The Scrap Heap of History

It is clear that human/cartoon interaction, whether planted in this century on our cell phones or in the last on movie screens, or even in Victorian paper books, is not a passing fancy. As a final note, I wonder how this fantasy relates to another late-nineteenth-century idea: modernism and its leisure-class desire for art to swallow life.

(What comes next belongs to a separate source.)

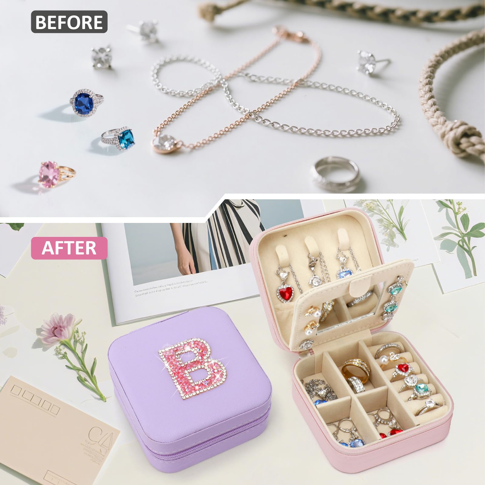 Nuozme Bling Sparkly Initial Jewelry Case,Personalized Gifts for Teen Girls,Kids,Women,Brides, Bridesmaids, Glitter Rhinestone Travel Jewelry Box,Easter Birthday Christmas Gifts, Small Size (Purple A)

“One is tempted to extrapolate from this early interest in the relationship between word and image a later embrace of imagism, or what Ezra Pound would deride as ‘Amygism,’” writes one historian of modernism about modern poet Amy Lowell’s childhood scrapbook, which included both poems and comics. Other modern poets to keep scrapbooks include Edna St. Vincent Millay, H.D., Marianne Moore, e.e. cummings, and Hart Crane. (Before scrapbooking became feminized, it was considered an intelligent pastime by the upper and middle classes who wished to collect clippings from essays and news in their “extract books.”) An article in The Henry James Review has also compared Henry James’s literature to a paper dollhouse, explaining, “James’s late diction and the paper doll house both share what we now think of as a modernist vision of the self as an arranged collection of images . . . They develop through a collage aesthetic that yokes composition and theatricality, arranging found elements into a stage-set display.”

Social network sites like Facebook have clear genealogy in the nineteenth century’s friendship book, a type of scrapbook that aggregated inscriptions, illustrations, and signatures from friends and which were circulated among social groups. In broader strokes, scrapbooks also predicted social media for their value “not so much to serve the memory as to enact rituals of consumption and the hoarding of treasure”—a media-rich poor man’s cabinet of curiosities. Both scrapbooks and social media evolved with the growth of news media and publishing industries. Scrapbookers used periodicals and catalogues as sources of text and imagery, or even simply as paper stock for cutouts. As with social media, corporations began to pitch their advertisements for inclusion in scrapbooks by printing chromo-lithograph cards of their brand names along with more ornate illustrations to entice consumers to paste their ads into their scrapbooks in the equivalent of today’s native advertising.

“Be one of the people on whom nothing is lost,” advised James in his essay on literary realism, “The Art of Fiction.” It is this modernist impulse to collect and merge the frame of reality with that of art that fueled animation and now defines social media’s augmented reality. In other words, Zuck’s vision for the future is centuries old.